Materials and methods
Study participants
Using a case-control design, 510 LC patients (mean age: 60.78 ± 9.96 years) and 495 controls (mean age: 61.94 ± 7.72 years) were enrolled in the study. All patients were recruited from Shaanxi Provincial Cancer Hospital. Patient inclusion criteria were as follow: 1) newly diagnosed LC, 2) histopathological LC diagnosed by an experienced pathologist, 3) no previous radiation therapy or chemical therapy, and 4) no history of cancer or metastatic carcinoma. Patients with asthma, bronchitis, pneumonia, lung abscess, tuberculosis, other lung diseases, autoimmune diseases, trauma or other tumors were excluded from the study. After that, we investigated and collected information regarding clinical indicators of LC patients, including sex, age, histological classification, tumor stage, and the status of lymph node metastasis.

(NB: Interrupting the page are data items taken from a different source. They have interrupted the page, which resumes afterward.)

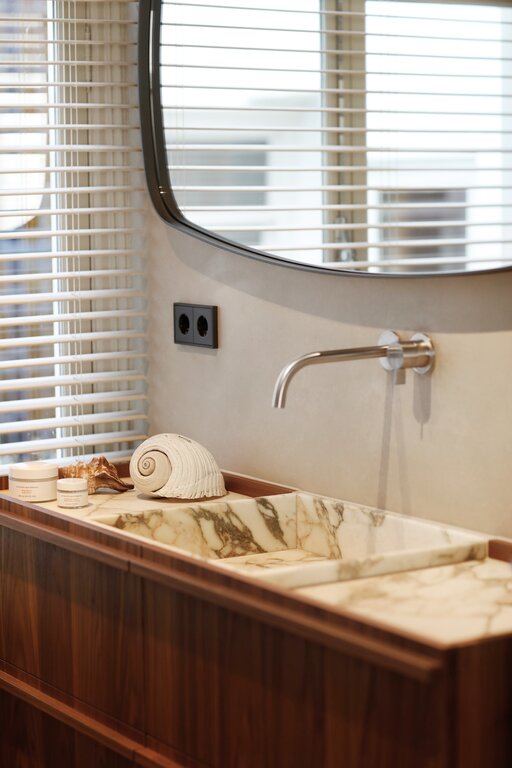 -Tailor made interior (walnut kitchen with Noir Saint Laurent marble, walnut bathroom cabinets with Calacatta Oro marble sinks).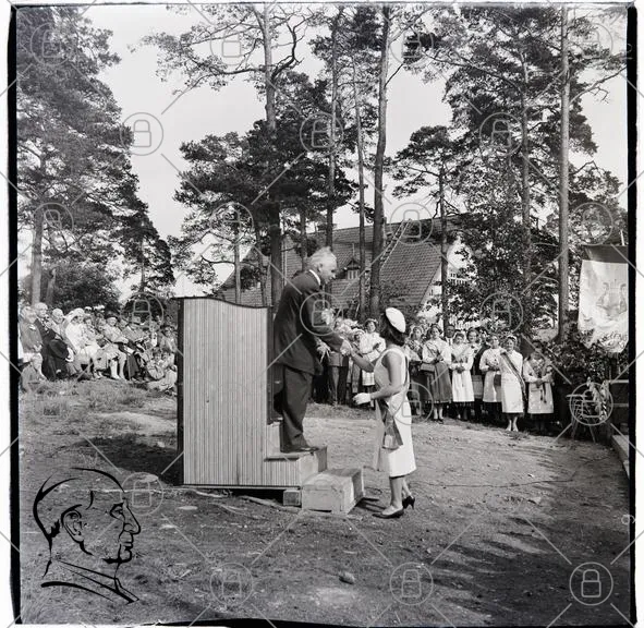 utomhus, talarstol, publik, träd, man, flicka, blommor, ceremoni, skog, sommar, klänning, hatt, hus, människor, evenemang, soligt, tradition, högtid, socialt, samling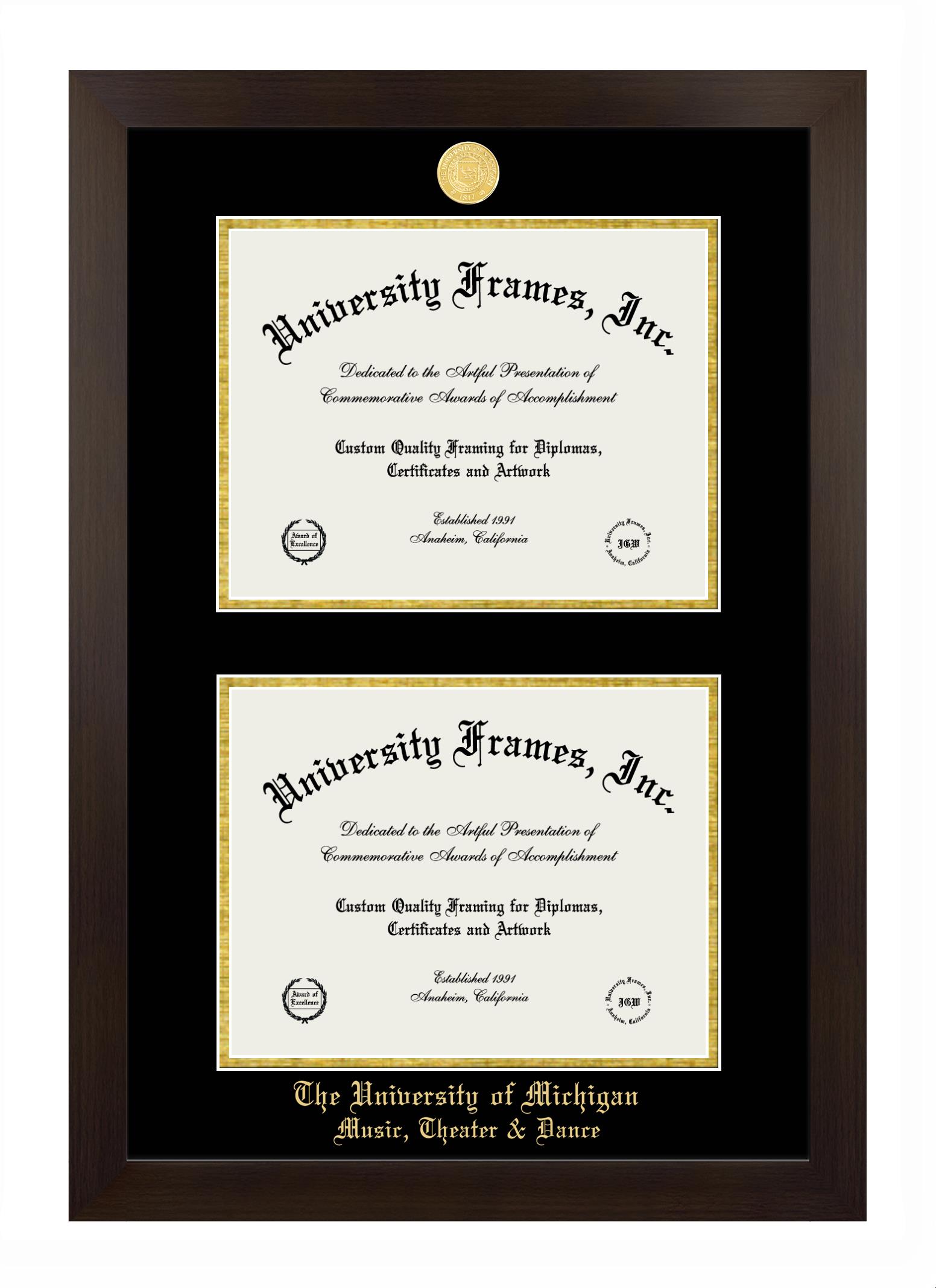We believe that earning a degree is a huge accomplishment and showcasing it is important. Therefore, if you are looking for University of Michigan Music, Theater & Dance diploma or degree frames for yourself or a recent University of Michigan Music, Theater & Dance grad, we are sure you will love our custom diploma frames. Our diploma frames are made with the official University of Michigan Music, Theater & Dance seal and are beautifully crafted. Start designing your frame now!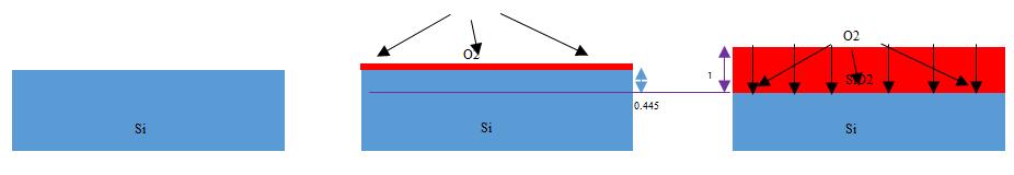 微納加工氧化工藝是在高溫下,襯底的硅直接與O2發(fā)生反應(yīng)生成SiO2,后續(xù)O2通過SiO2層擴散到Si/SiO2界面,繼續(xù)與Si發(fā)生反應(yīng)增加SiO2薄膜的厚度,生成1個單位厚度的SiO2薄膜,需要消耗0.445單位厚度的Si襯底;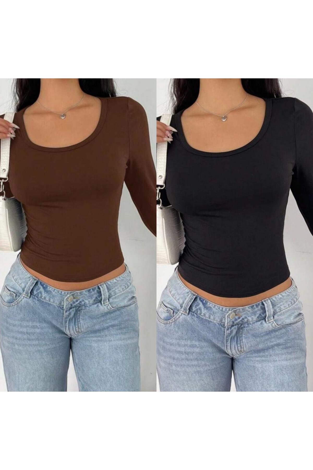 ÖZ PAMUK قطعتان من البلوزات ذات الأكمام الطويلة من قماش الليكرا ذو الياقة المربعة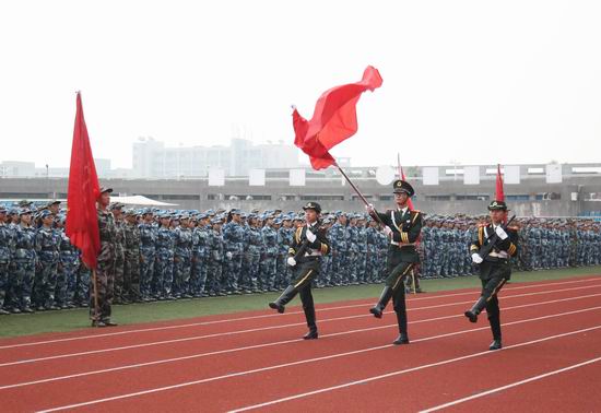 下沙校区西操场,处处旌旗飘飘,学生方阵整齐排列。在开场倒计时中,方阵不断变化,依次出现9至0的数字字样。数至零时,全场齐喊“进德修业、与时偕行”校训。在庄严的国歌声中,五星红旗冉冉升起,军训结业典礼正式开始。“迎军旗,全体起立!”全体参训学生、承训教官及在场领导起立,神情庄重严肃,对军旗行礼。
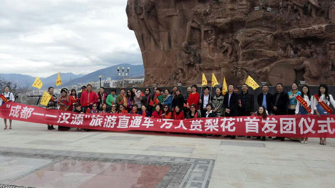 3月10日在成都新南門(mén)旅游集散中心和漢源揚(yáng)帆起航廣場(chǎng)舉行了“成都—漢源”直通車(chē)“萬(wàn)人賞梨花”首發(fā)團(tuán)儀式。漢源縣副縣長(zhǎng)龔榮高、縣旅游局局長(zhǎng)李毅、成都旅游集散中心旅游營(yíng)運(yùn)部主任許蜀錦、成都天府旅行社和雅安文旅公司相關(guān)負(fù)責(zé)人出席了首發(fā)團(tuán)儀式。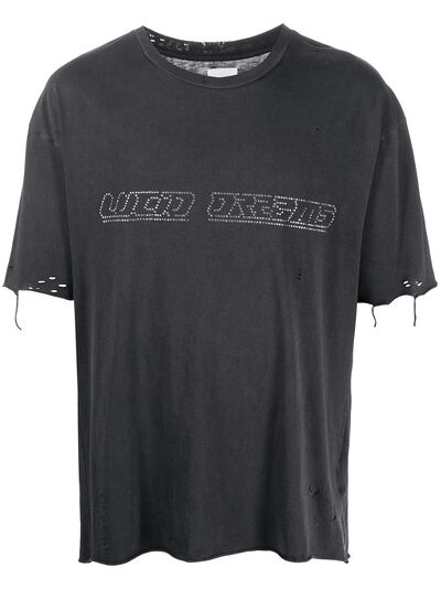 Black cotton distressed T-shirt from Alchemist featuring a round neck, short sleeves, crystal embellishments and a raw uneven hemline.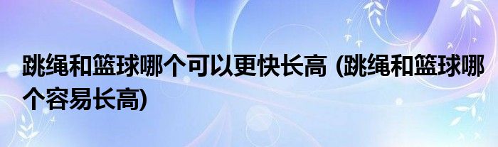 大家好,小美來為大家解答以上問題。跳繩和籃球哪個可以更快長高,跳繩和籃球哪個容易長高很多人還不知道,現在讓我們一起來看看吧!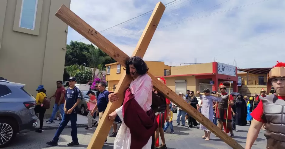 El recorrido, de alrededor de 2 kilómetros y medio, del parque Tarahumaras, en la colonia Valle Vista a la parroquia Jesucristo Sumo y Eterno Sacerdote, en el fraccionamiento Otay Constituyentes, fue encabezado por el párroco, padre Benigno Medrano Flores, quien guio a poco más de un centenar de feligreses y a quienes representaron a los personajes bíblicos de hace 2 mil años, hacia el improvisado "Gólgota", en la parte posterior del templo católico.
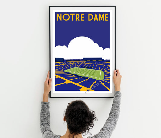 Notre Dame Fighting Irish Stadium - Retro art print poster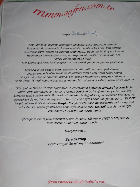 sofra dergisi güzel bir süpriz yapmış ve çay saati kitabı hediye göndermiş.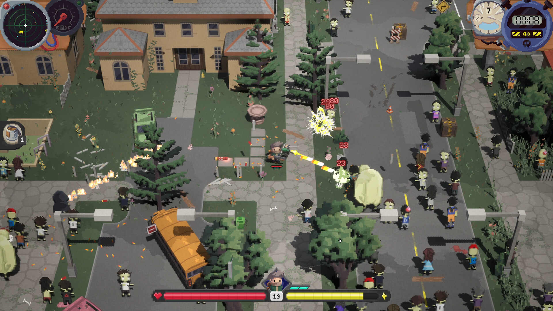 《死亡日:狂杀末路》是一款融合roguelike元素的2.5D像素风僵尸割草游戏,将背包管理策略与爽快的战斗体验完美结合。玩家将驾驶巴士在末日世界中展开惊险旅程,每个停靠站都是一场生死考验,需要合理分配燃料、收集强力装备,并在有限的背包空间中巧妙组合各种物品。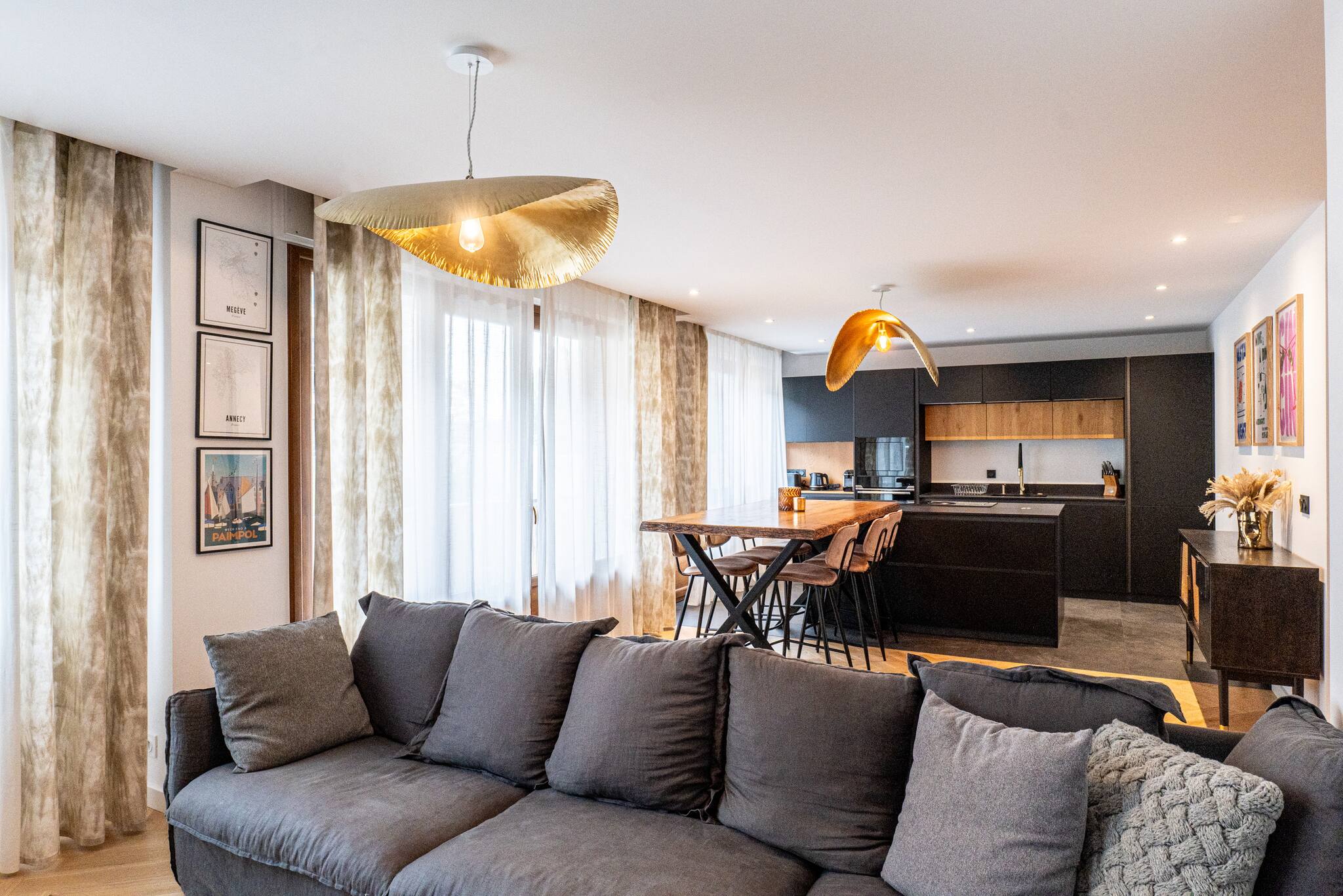 🤩 Découvrez l'AVA'necy, un appartement de caractère où le raffinement s’invite à chaque détail. Récemment rénové, cet appartement vous séduira par ses matériaux nobles ✨ : parquet chaleureux, carrelage contemporain, lustres, cadres, et une cuisine entièrement équipée.

The controls were healthy volunteers recruited from the Shaanxi Provincial Cancer Hospital during the same period. No medical or family history of cancer or any pulmonary disease was the inclusion criteria for the control group. At the time of recruitment, trained personal interviewed using a structured questionnaire to obtain information regarding their demographic characteristics.
Data collection
This study was approved by the Shaanxi Provincial Cancer Hospital ethics committee and conformed to the ethical principles for medical research involving humans of the World Medical Association Declaration of Helsinki. All participants signed informed consent forms before participating in the study. Subsequently, a sample of approximately 5 mL of venous blood was obtained from each participant and collected into tubes containing ethylenediaminetetraacetic acid for anticoagulation. Genomic DNA was extracted from peripheral blood samples using a whole-blood genomic DNA extraction kit (GOLDMAG, Xi´an, China) according to the manufacturer’s instructions. The purity and concentration of the DNA samples were evaluated using a NanoDrop 2000C system (Thermo Scientific, Waltham, MA, USA). Isolated DNA was stored at −80°C until analysis.
SNP genotyping
Five candidate SNPs in the COL6A4P2 gene were selected with a minor allele frequency (MAF) > 0.05 from the global population in the 1,000 Genome Projects (http://www.internationalgenome.org/). We then used HaploReg v4.1 (https://pubs.broadinstitute.org/mammals/haploreg/haploreg.php) to predict the possible functions of the SNPs. The primers for amplification and single-base extension were designed using the Assay Design Suite, V2.0 (https://agenacx.com/online-tools/). Genotyping of the five SNPs was carried out on the MassARRAY iPLEX (Agena Bioscience, San Diego, CA, USA) platform using matrix-assisted laser desorption ionization–time of flight mass spectrometry [17]. Genotyping results were generated using Agena Bioscience TYPER software, version 4.0. Genotyping was performed by laboratory personnel in a double-blinded manner.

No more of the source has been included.